Competence Area "Situation"
Besides basic reactive behaviour, situational controllers need to sense and integrate body and sensors information with situation information to allow the robot to build a representation of the task and control the interaction with humans. In particular, the integration of multi-modal sensory input leads to a more situated awareness in order to predict, detect and avoid threats before they arise. Situated controllers also need to make use of additional cues from the human interaction. For instance, integrating spoken utterances or sounds can modify movement plans and interrupt actions spontaneous and instantaneous. Here, we pursue an approach where the situational control system co-adapts with the sensorimotor body system and the environmental constraints.

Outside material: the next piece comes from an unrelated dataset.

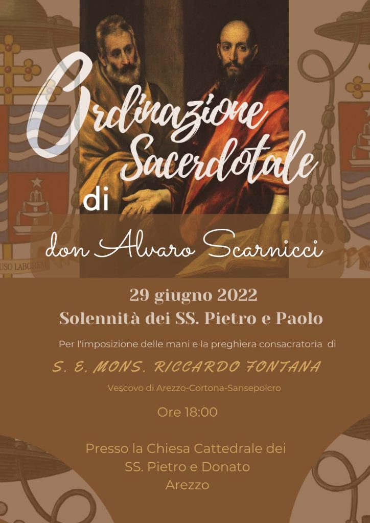 Mercoledì 29 giugno, ore 18,00 presso la Cattedrale, Alvaro Scarnicci riceverà l’Ordinazione sacerdotale per imposizione delle mani e la preghiera consacratoria di S.E. Mons. Riccardo Fontana.

Within SECURE, the fellows will work on a variety of neuro-inspired control systems ranging from low-level sensorimotor control to higher-level control tasks related to language interaction between humans and robots. Neurocognitive evidence on action learning and representation, such as the evidence on the mirror neuron system for action production and recognition, provides support for an integrated view of sensorimotor control where touch, proprioception, and vision are intertwined with motor information in a multisensory representation of the space around the body. Moreover, these sensorimotor representations are also integrated with linguistic knowledge from a developmental perspective. Thus some of the fellows’ projects will develop statistical and neuro-inspired robot control systems to support safe interaction with humans.